__WORK TO BE COMPLETED__:
Within the records below, find the line with "I am not kidding" and the line with "Tirana, 11 February", then reproduce exactly those two lines and all lines between them, without any picture.

__RECORD SET__:

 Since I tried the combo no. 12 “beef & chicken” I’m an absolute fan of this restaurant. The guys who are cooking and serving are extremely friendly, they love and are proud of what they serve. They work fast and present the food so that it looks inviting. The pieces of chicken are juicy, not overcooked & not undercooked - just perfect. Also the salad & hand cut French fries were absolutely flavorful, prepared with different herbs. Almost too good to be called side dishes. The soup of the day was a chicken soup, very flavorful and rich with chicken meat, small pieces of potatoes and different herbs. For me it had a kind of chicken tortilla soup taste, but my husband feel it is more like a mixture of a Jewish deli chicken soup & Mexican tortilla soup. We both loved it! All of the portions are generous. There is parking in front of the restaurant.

...

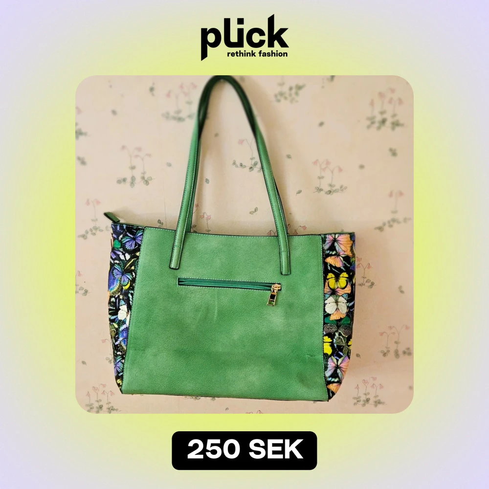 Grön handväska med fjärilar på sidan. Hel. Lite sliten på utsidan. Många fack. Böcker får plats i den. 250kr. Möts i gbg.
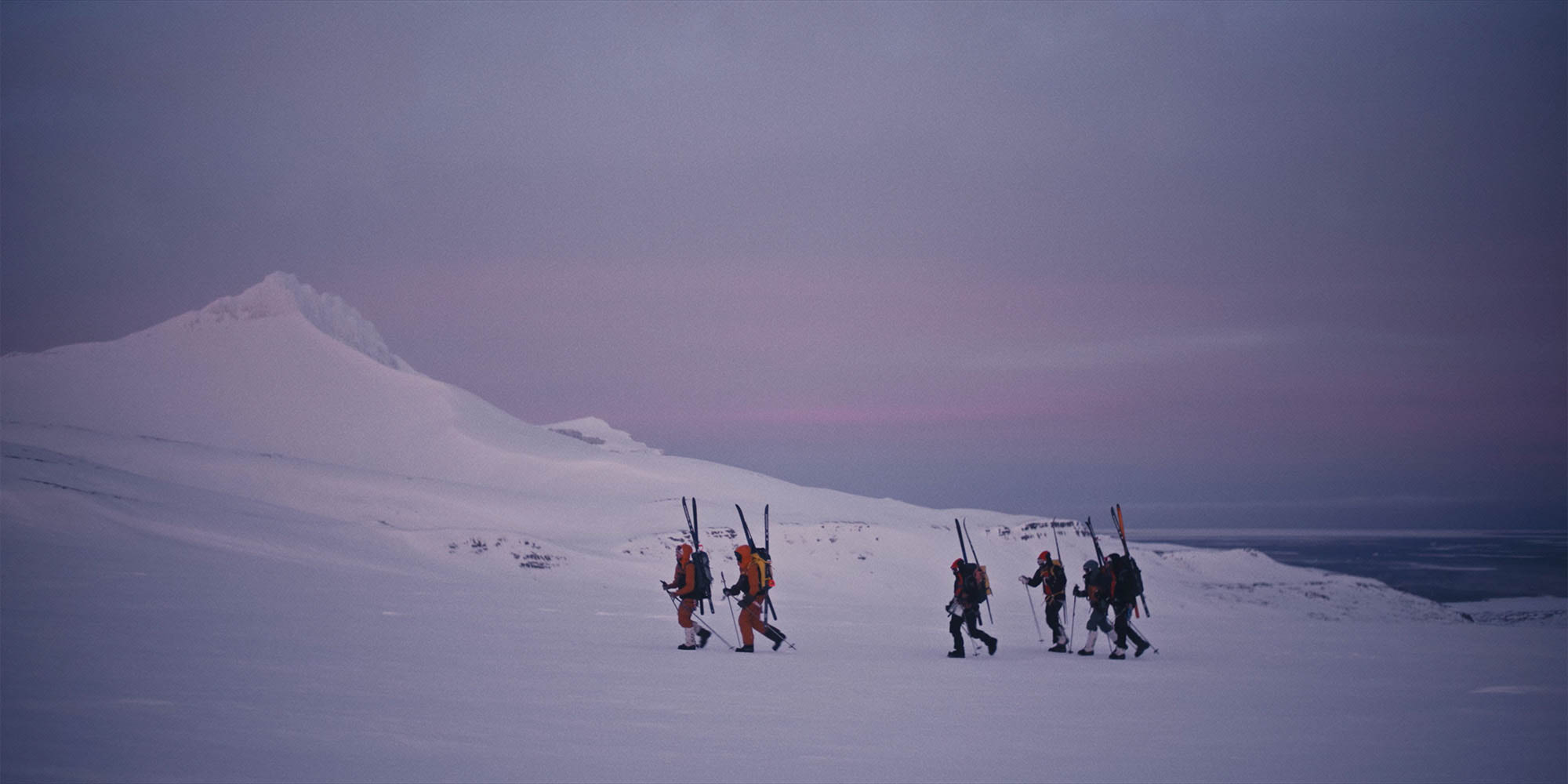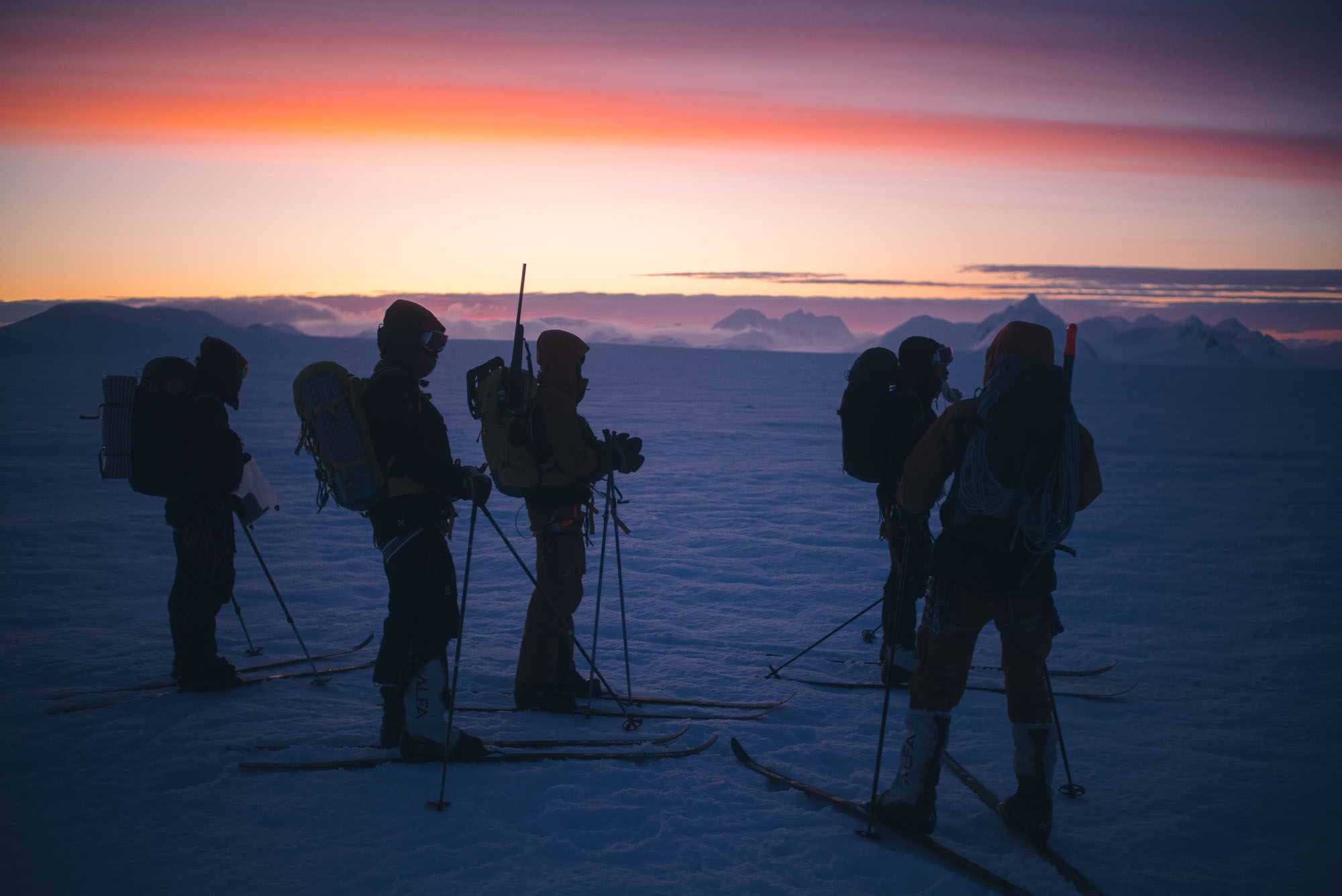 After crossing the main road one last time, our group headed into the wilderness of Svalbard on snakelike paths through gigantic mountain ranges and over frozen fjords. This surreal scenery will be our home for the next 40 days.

--

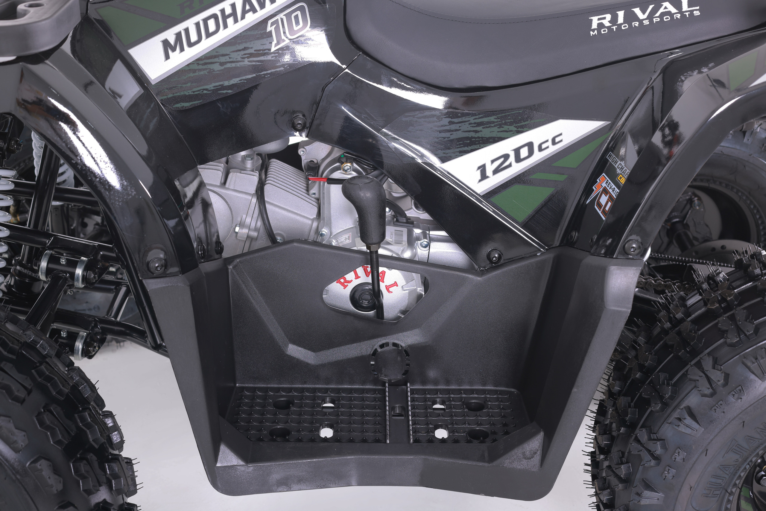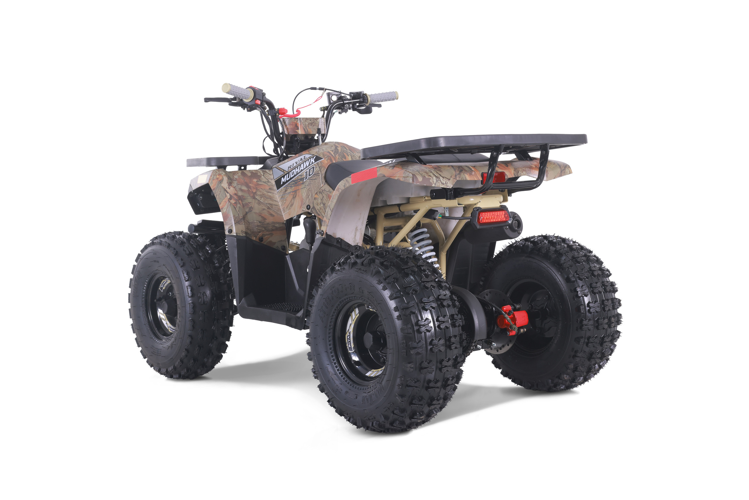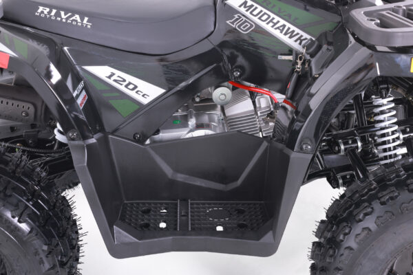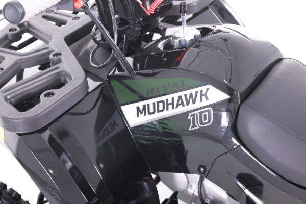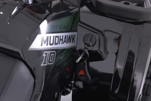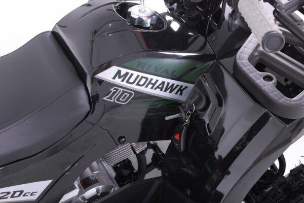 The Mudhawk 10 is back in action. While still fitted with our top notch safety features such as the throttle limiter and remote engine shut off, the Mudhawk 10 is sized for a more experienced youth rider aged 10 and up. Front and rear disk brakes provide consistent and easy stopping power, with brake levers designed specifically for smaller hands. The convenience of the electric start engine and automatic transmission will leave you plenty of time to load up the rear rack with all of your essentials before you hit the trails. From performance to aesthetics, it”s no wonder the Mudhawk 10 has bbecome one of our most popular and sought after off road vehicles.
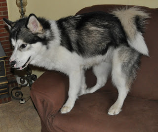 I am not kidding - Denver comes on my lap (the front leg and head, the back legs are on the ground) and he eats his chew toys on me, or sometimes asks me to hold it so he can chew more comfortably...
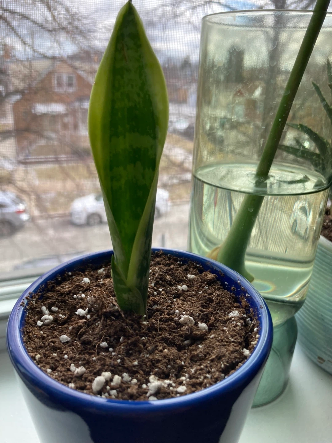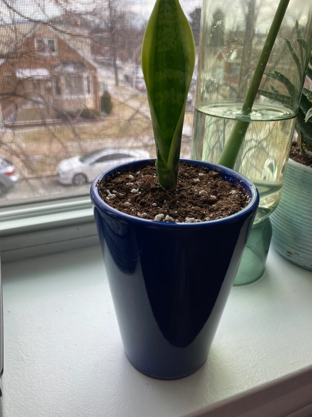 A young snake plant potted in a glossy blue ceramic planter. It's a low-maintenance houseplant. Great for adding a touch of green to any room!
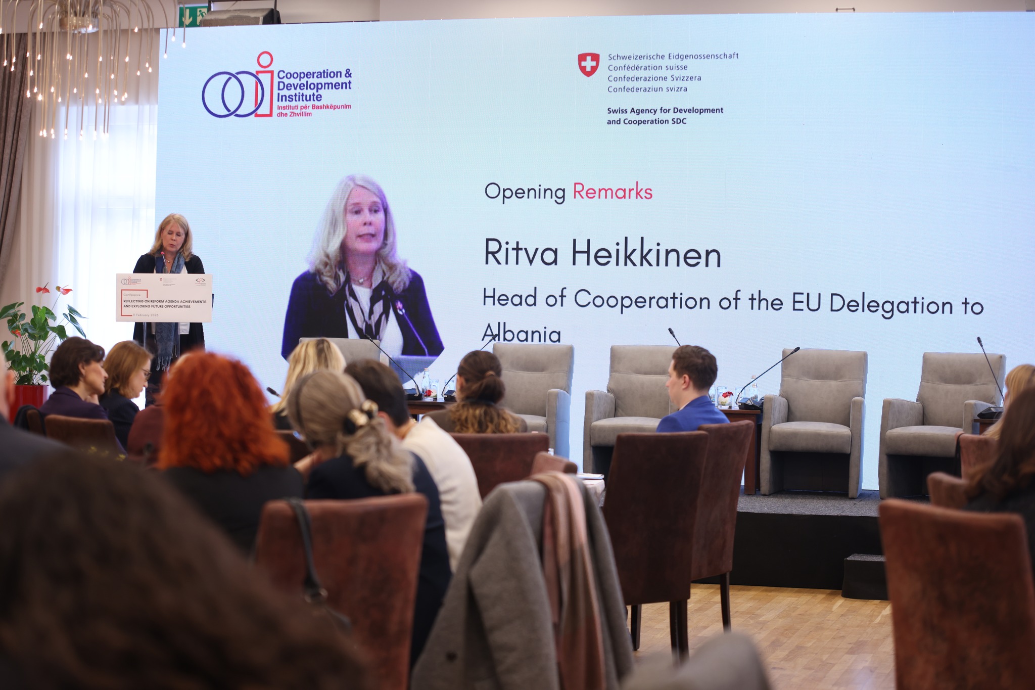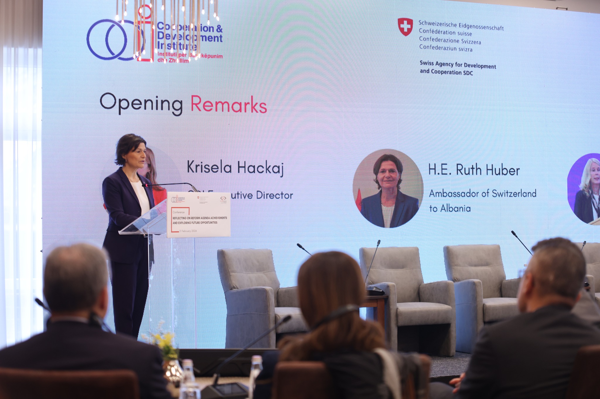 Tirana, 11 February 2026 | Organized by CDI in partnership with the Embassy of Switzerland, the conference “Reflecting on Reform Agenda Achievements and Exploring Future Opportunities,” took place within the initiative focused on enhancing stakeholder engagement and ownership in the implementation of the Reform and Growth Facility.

__RESPONSE AREA__:
 I am not kidding - Denver comes on my lap (the front leg and head, the back legs are on the ground) and he eats his chew toys on me, or sometimes asks me to hold it so he can chew more comfortably...
 A young snake plant potted in a glossy blue ceramic planter. It's a low-maintenance houseplant. Great for adding a touch of green to any room!
 Tirana, 11 February 2026 | Organized by CDI in partnership with the Embassy of Switzerland, the conference “Reflecting on Reform Agenda Achievements and Exploring Future Opportunities,” took place within the initiative focused on enhancing stakeholder engagement and ownership in the implementation of the Reform and Growth Facility.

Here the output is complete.